Was being used from 1885 to 1962, now it is a cultural heritage. The cemitory was opened by decision of the Tyumen City Council (6(18) June and 18(30) July 1885) in the Bukina village of the Bogadinskaya volost.
It occupies 5 hectares in a rectangle, which is limited: on the north side, by the Scientific and Analytical Center of the Rational Using of Mineral Resources named after V. I. Shpilman, school number 5, Yunnatov Square and Kholodilnaya street; from the northeast side - Tekutyevsky Boulevard and Republic Street; on the southeast side - by the Wedding Palace, Memory Square, Apple Grove, West Siberian Innovation Center and Melnikaite Street; from the south-west side - Taimyrskaya street. There are about 12,000 graves in the cemetery, so far approximately 1,200 graves have been found. The search for burial detection is carried out by the Granit detachment from Tyumen school No.6 in the middle of the cemetery, on the southeast side, there is a Jewish sector with 25 tombstones, and a Muslim sector near the West Siberian Innovation Center.

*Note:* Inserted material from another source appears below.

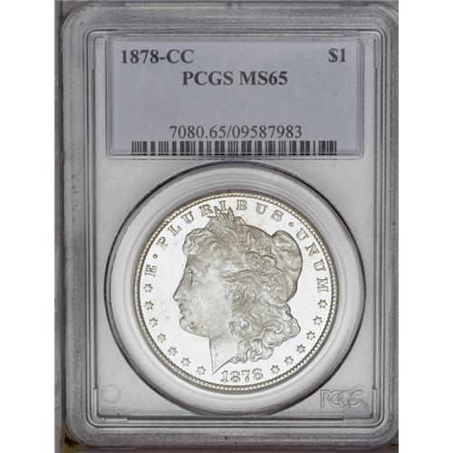 <B>1878-CC<img border='0' src='http://www.heritagecoins.com/images/star.gif' width=10 height=10>$1> MS65 PCGS.</B></I> A frosty Gem with exceptional eye appeal. Both sides are fully lustrous with traces of tan patina limited to the highest design points.
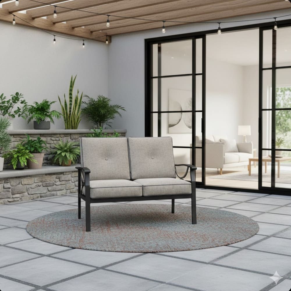 • Elevate your outdoor relaxation with this stylish 48" all-weather loveseat patio sofa in sophisticated black, featuring plush gray cushions for cozy, modern comfort. Perfect for gardens, backyards, porches, patios, balconies, poolside areas, or small outdoor spaces, this 2-seat sofa combines timeless elegance with exceptional durability.

Old trees of more than a century of age are preserved on the territory: poplars and birches - up to 110 years old, pine trees - up to 120 years old, spruce trees - up to 130 years old. They are a valuable object for studying the history of the city's climate in the 20th century. Since 2005, the cemetery has been recognized as a cultural heritage site, however, its improvement still leaves much to be desired.
It was opened outside the city limits not far from the mill with a steam engine belonging to the local businessman Tekutiev, that is why his name is attached to the churchyard. The rapid growth of Tyumen in the second half of the 20th century led to the fact that the cemetery turned out to be in the middle of urban development (Tyumen, 96 Republic St.)